##### Input data

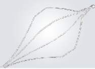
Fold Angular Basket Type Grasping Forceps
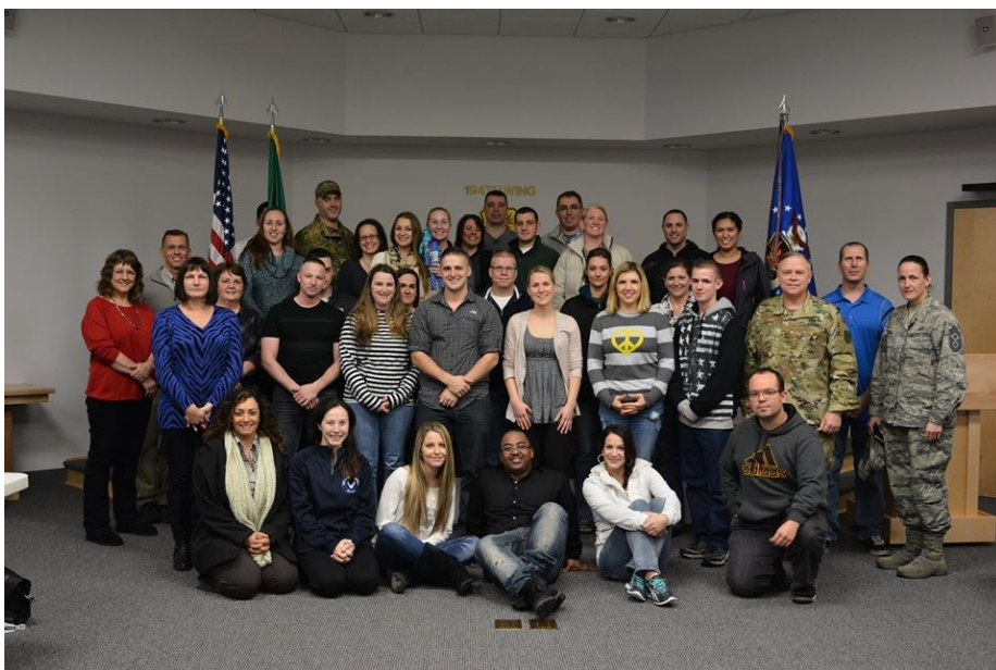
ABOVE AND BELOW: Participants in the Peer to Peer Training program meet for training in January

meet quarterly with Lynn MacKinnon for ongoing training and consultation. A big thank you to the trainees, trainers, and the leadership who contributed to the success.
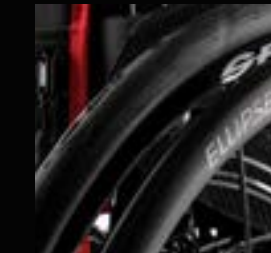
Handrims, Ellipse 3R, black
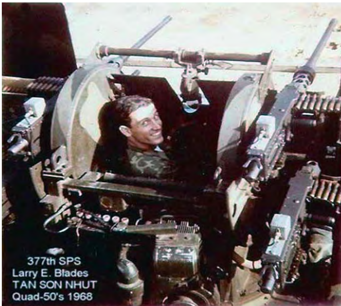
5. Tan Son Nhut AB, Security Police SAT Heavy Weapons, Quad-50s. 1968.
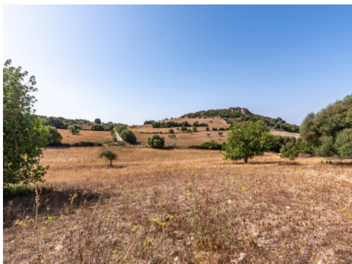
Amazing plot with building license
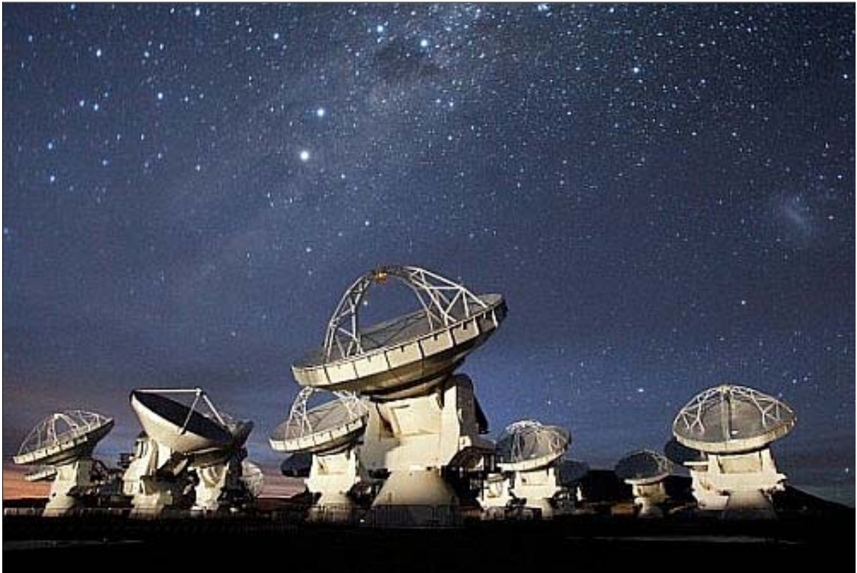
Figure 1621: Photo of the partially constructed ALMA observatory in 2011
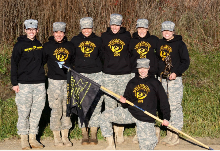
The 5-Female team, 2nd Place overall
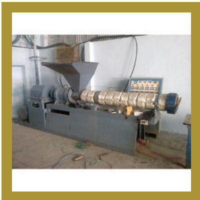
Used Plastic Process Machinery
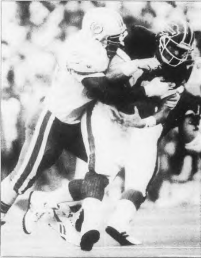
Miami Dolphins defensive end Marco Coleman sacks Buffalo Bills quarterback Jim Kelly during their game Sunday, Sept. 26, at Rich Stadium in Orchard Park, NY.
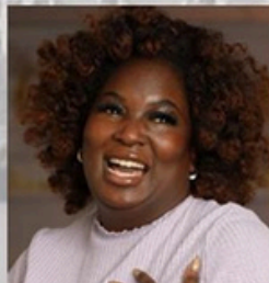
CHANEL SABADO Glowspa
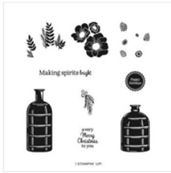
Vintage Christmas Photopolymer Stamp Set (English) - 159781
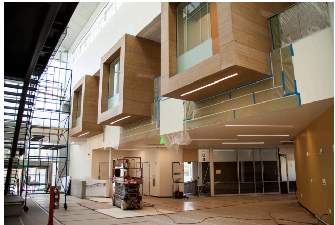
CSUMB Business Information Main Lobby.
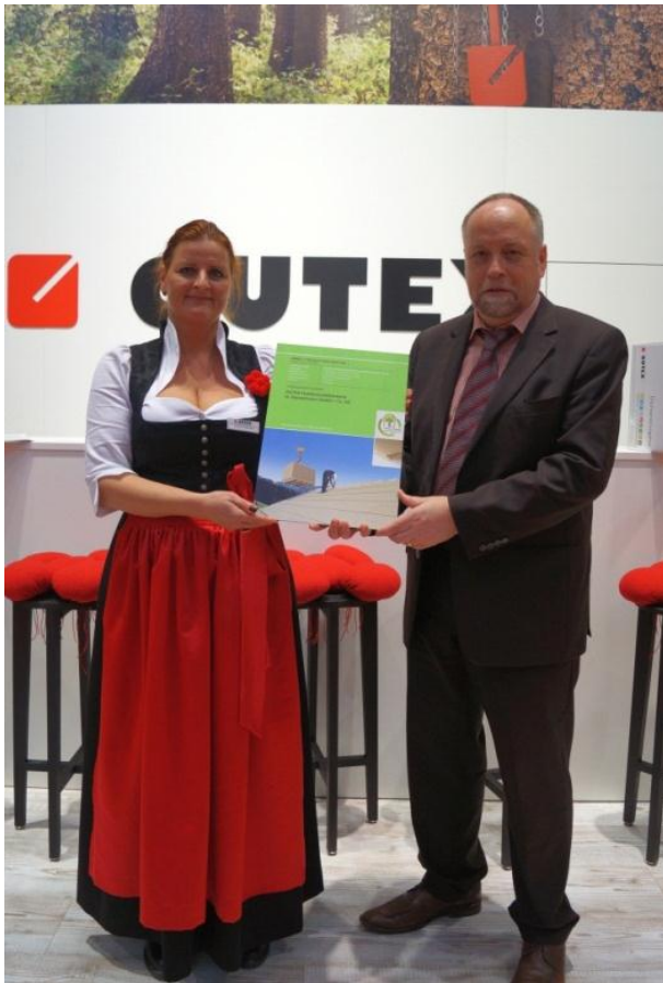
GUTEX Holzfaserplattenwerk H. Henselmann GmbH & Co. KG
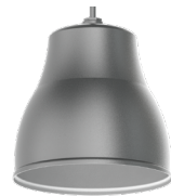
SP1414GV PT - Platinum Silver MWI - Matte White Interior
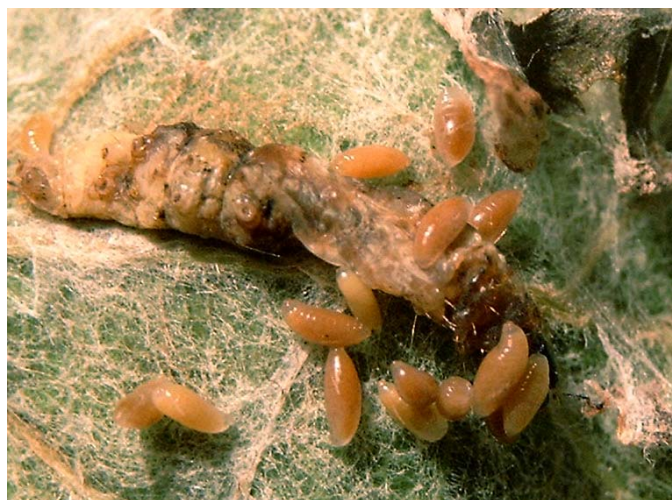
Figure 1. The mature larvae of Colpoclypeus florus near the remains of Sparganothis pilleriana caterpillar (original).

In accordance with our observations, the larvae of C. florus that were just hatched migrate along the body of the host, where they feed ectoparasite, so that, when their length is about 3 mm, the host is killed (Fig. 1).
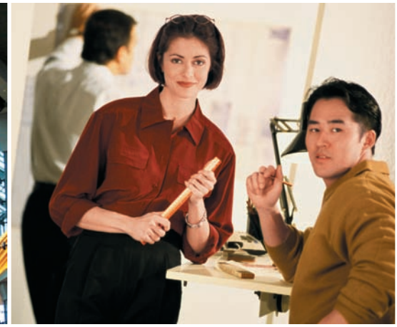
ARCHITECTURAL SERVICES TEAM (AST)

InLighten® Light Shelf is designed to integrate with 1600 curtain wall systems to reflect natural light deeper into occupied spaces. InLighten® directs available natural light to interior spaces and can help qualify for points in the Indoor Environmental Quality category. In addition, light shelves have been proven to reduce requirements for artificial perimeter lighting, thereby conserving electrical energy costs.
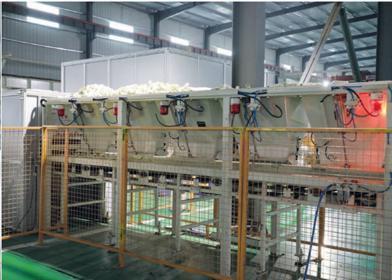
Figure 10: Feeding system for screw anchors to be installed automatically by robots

##########

What you should do:
If a record holds a picture, leave the picture out and print everything else exactly.

Written response:
Fold Angular Basket Type Grasping Forceps
ABOVE AND BELOW: Participants in the Peer to Peer Training program meet for training in January

meet quarterly with Lynn MacKinnon for ongoing training and consultation. A big thank you to the trainees, trainers, and the leadership who contributed to the success.
Handrims, Ellipse 3R, black
5. Tan Son Nhut AB, Security Police SAT Heavy Weapons, Quad-50s. 1968.
Amazing plot with building license
Figure 1621: Photo of the partially constructed ALMA observatory in 2011
The 5-Female team, 2nd Place overall
Used Plastic Process Machinery
Miami Dolphins defensive end Marco Coleman sacks Buffalo Bills quarterback Jim Kelly during their game Sunday, Sept. 26, at Rich Stadium in Orchard Park, NY.
CHANEL SABADO Glowspa
Vintage Christmas Photopolymer Stamp Set (English) - 159781
CSUMB Business Information Main Lobby.
GUTEX Holzfaserplattenwerk H. Henselmann GmbH & Co. KG
SP1414GV PT - Platinum Silver MWI - Matte White Interior
Figure 1. The mature larvae of Colpoclypeus florus near the remains of Sparganothis pilleriana caterpillar (original).

In accordance with our observations, the larvae of C. florus that were just hatched migrate along the body of the host, where they feed ectoparasite, so that, when their length is about 3 mm, the host is killed (Fig. 1).
ARCHITECTURAL SERVICES TEAM (AST)

InLighten® Light Shelf is designed to integrate with 1600 curtain wall systems to reflect natural light deeper into occupied spaces. InLighten® directs available natural light to interior spaces and can help qualify for points in the Indoor Environmental Quality category. In addition, light shelves have been proven to reduce requirements for artificial perimeter lighting, thereby conserving electrical energy costs.
Figure 10: Feeding system for screw anchors to be installed automatically by robots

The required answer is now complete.